Le programme de ce soir, éclectique comme le répertoire de Christine Schäfer, fait se succéder trois compositeurs on ne peut plus différents. Seuls les vers de Verlaine mis en musique par Debussy justifient l'inclusion de ce récital dans le cycle "Rimbaud Verlaine" du Musée d'Orsay, mais peu importe. Christine Schäfer et Eric Schneider réussissent à nimber les trois dans un même halo poétique, une atmosphère musicale évoquant le cabaret, ce que l'intimité de la salle permet et renforce.
On n'imaginait pas dans Brahms la voix claire et l'émission parfois droite de Christine Schäfer. Couplée avec Eric Schneider qui le déstructure en lui donnant souvent le rubato et le swing d'un piano-bar, le résultat est effectivement étrange quoique séduisant.
Techniquement, Christine Schäfer souffre surtout de sa respiration haute et de son émission du coup souvent expirée, produite par l'affaissement de sa cage thoracique.
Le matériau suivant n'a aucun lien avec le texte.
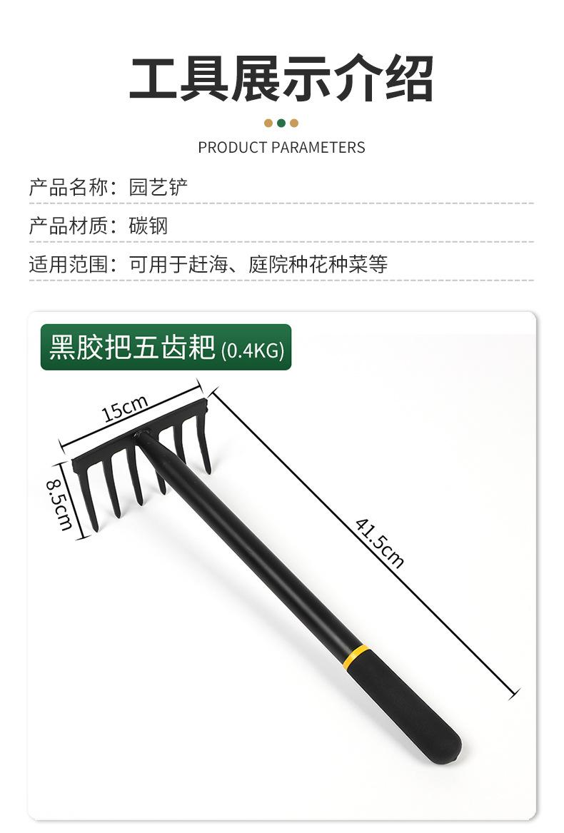 Vinyl handle wide shovel, Black glue, Five-tooth rake with vinyl handle, Narrow shovel with vinyl handle
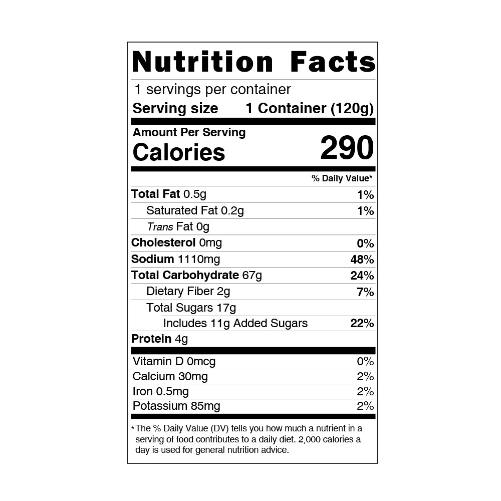 RICE CAKES: Rice, Salt, Ethanol, Citric Acid, Inuline (Chicory), Rice Bran SAUCE PACKET: Sugar, Glucose (Corn Starch), Red Pepper Powder, Salt, Monosodium Glutamate, Mixed Seasoning [Spicy Sauce (Red Pepper Paste, Soybean Paste, Red Pepper Powder), Maltodextrin, Salt], Modified Starch (Corn Starch), Wheat Flour, Vegetable Flavor (Garlic Extract, Kelp Extract, Green Onion Extract, Ginger Extract), Dried Spring Onion, Corn Starch, Silica Dioxide, Soybean Powder, Mixed Seasoning (Corn Starch, Soy Sauce, Yeast Extract), Cabbage Powder, Onion Powder, Mixed Cheese Powder (Cheese, Refined Coconut Oil, Starch Syrup, Lactose, Sodium Casein, Salt), Oleoresin Paprika, Artificial Flavor (Roasted Sweet Potato Flavor), Curry Flavor, Black Pepper Powder, Guar Gum Powder, Flavor Enhancer (Soy Sauce Powder, Yeast Extract, Salt), Xanthan Gum, Spice Oleoresins, Ginger Powder, Mixed Seasoning (Hydrolyzed Protein, Maltodextrin, Salt), Mixed Seasoning HYB (Hydrolyzed Soy Protein, Salt, Maltodextrin)

De là des sons tenus peu vibrants, à la justesse fluctuante, un souffle parfois court en fin de phrase et un peu d'air sur la voix.
Christine Schäfer chante bien la langue française, à l'exception de quelques nasales, notamment les "in" insuffisamment nasalisés laissant entendre leur équivalent non nasalisé "è". Eric Schneider est modérément debussyste, mais là aussi une réelle atmosphère se dégage et séduit.
Avec les Apparitions (1979) de Crumb (né en 1929), les deux interprètes semblent enfin "rentrer chez eux" et s'engager pleinement dans une oeuvre qui leur tient à coeur et correspond à leur sensibilité comme à leurs moyens. Difficiles ou distantes pour d'autres, ces Apparitions sont ici offertes avec une merveilleuse évidence. Peut-être moins répétés, Brahms et Debussy semblent a posteriori avoir été interprétés "à la Crumb", par des interprètes déjà investis dans cette dernière oeuvre de leur programme.
À écouter le 18 mai 2005 à 15h sur France-Musiques.